The pastiche itself is a blending of the infamous murders of Jack the Ripper and the unrecorded tale of the Giant Rat of Sumatra.  A number of violent "serial" murders of prostitutes have been discovered in the East End, namely the Whitechapel district.  The police are at a dead-end and send in the services of the detective, Sherringford Basil, to help solve the case.  Because of the graphic content and violence, this pastiche is recommended (unsurprisingly) for mature audiences.

 

Who is Jack the Ripper?  What is the Giant Rat of Sumatra?

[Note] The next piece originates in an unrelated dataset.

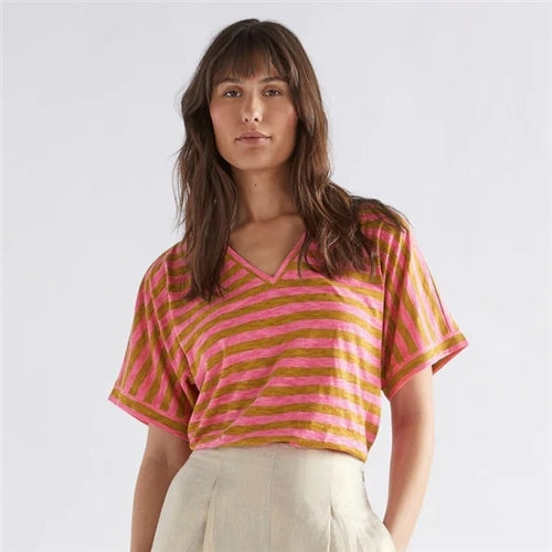 The Seter Tee is a relaxed V-neck t shirt. An ELK classic, the Seter Tee is crafted from lightweight, organic cotton. The tee is defined by its boxy cut, comfortable V-neckline, and perfectly cut batwing sleeves that finish just above the elbow. The Seter Tee is a core outfit builder that you will come back to over and over again.

"Jack the Ripper" was an alias given to an unidentified serial killer (or killers) who murdered (officially) five women in London, between 31 August and 09 November 1888, although the actual number may have been higher.  He perpetrated in public or semi-public places; the victim was strangled, the throat cut, after which the body was mutilated.  After two hundred years, the murders and the identity of the Ripper are still a mystery!  While Sherlock Holmes never went against Jack the Ripper canonically, there are numerous pastiches about it that have circulated about.

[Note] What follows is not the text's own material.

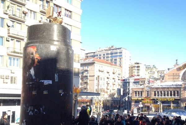 Стоит напомнить, что ранее на этом месте стоял памятник Владимиру Ленину. Однако 8 декабря 2013 года участники акции протеста сбросили памятник на землю и разбили его на части кувалдами.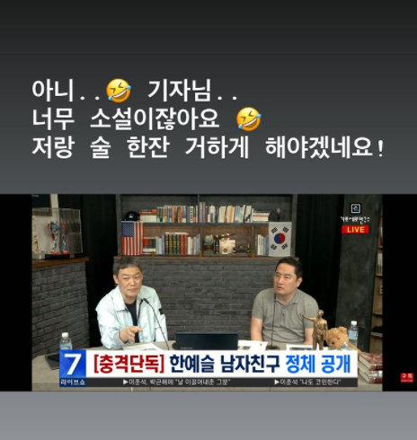 이에 한예슬은 ‘가세연’의 영상을 캡처해 인스타그램에 올리며 “아니 기자님, 너무 소설이지 않냐. 나랑 술 한 잔 거하게 해야겠다”며 “왜 이런 일들은 항상 소속사와 계약이 만료됐을 때 일어나는 건지 참 신기하다”고 의혹을 강력 부인했다.

Disappointingly, Holmes never revealed his adventure with the Giant Rat of Sumatra.  He makes a tantalising reference to it in the SUSS, associated with the ship Matilda Briggs, as "a story for which the world is not yet prepared."  (Being an avid Sherlockian and Ripperologist, I wanted to make my own pastiche where I endeavoured to fill in the blanks to two mysteries — with an interesting twist!)